4th Sunday of Easter B - Homily 1

Homily 1 - 2006

I am the good shepherd

It’s one of a number of titles that John’s gospel gives to Jesus: I am the bread of life.  I am the light of the world. I am the vine.  I am the resurrection and the life

In a way they express the fruit of the reflection by those in John’s community of their experience of the risen Jesus.

If you reflected on your experience of the risen Jesus in your life, would one of those titles come to mind? or is there another one you would think up yourself to better express just what Jesus means to you?

In giving Jesus the title The Good Shepherd, the gospel gives two reasons why: Jesus laid down his life freely for those in his care; Jesus knows those who are his and they know him.

I am grateful, of course, that Jesus died for us all.  What particularly appeals to me is that he knows me and that I know him - not so much as a shepherd [that does not touch me at all] but as friend... I do like that passage later in John’s gospel that has Jesus saying: I do not call you servants but friends.

Friendship talks of intimacy – of loving and of being loved, just as the persons we are.

It invites revealing ourselves.
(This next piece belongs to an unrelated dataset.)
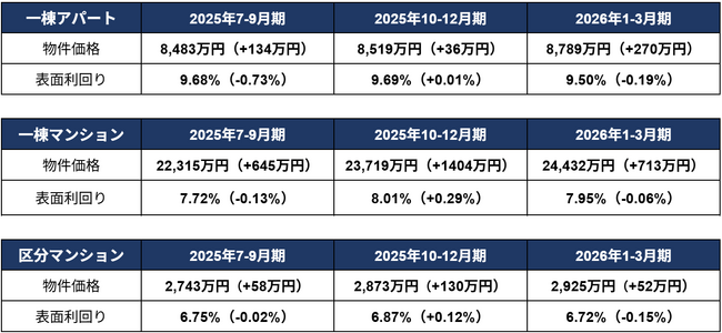 ※表面利回り・物件価格は期間中の平均 ※()内は前期比

It energizes the desire to know each other ever more thoroughly, ever more deeply – not just with the head, but with a deeper sensitivity: getting on to each other’s wavelength, sort of knowing what’s going on in him without needing to put it into words... And it works both ways.

I remember reading a comment in a book I read thirty years or more ago, and it is one that has stayed with me: "For friendship to grow, you have to be prepared to waste a lot of time together".

Well, I put in the time, and often it seems sheer waste: nothing happens; I get distracted; can’t keep my mind still; I feel impatient.  But over time, the friendship has grown deeper, grown thicker: We have become part of each other’s lives.

Another fascinating thing: knowing that others also share Jesus' friendship does not come across as threat – there’s no sense of competition – but as wonderful encouragement and support.  It really thrills me when I know that there are others having a go to pray seriously.  Sharing a common love brings a whole other dimension.

Even knowing that each of us is here today freely, because we choose to be here (God knows: there are a thousand other things we could be doing! But we’re here) because each of us, in our own way, and at our own level, has been touched by the loving God.  Whenever I stop to think of it, I find it very encouraging.

For me all this is light years away from a sense of shepherd and sheep, of all belonging to one flock.  That language, that imagery, doesn’t touch me.   But perhaps it is trying to touch in to the same experience: I know mine and my own know me.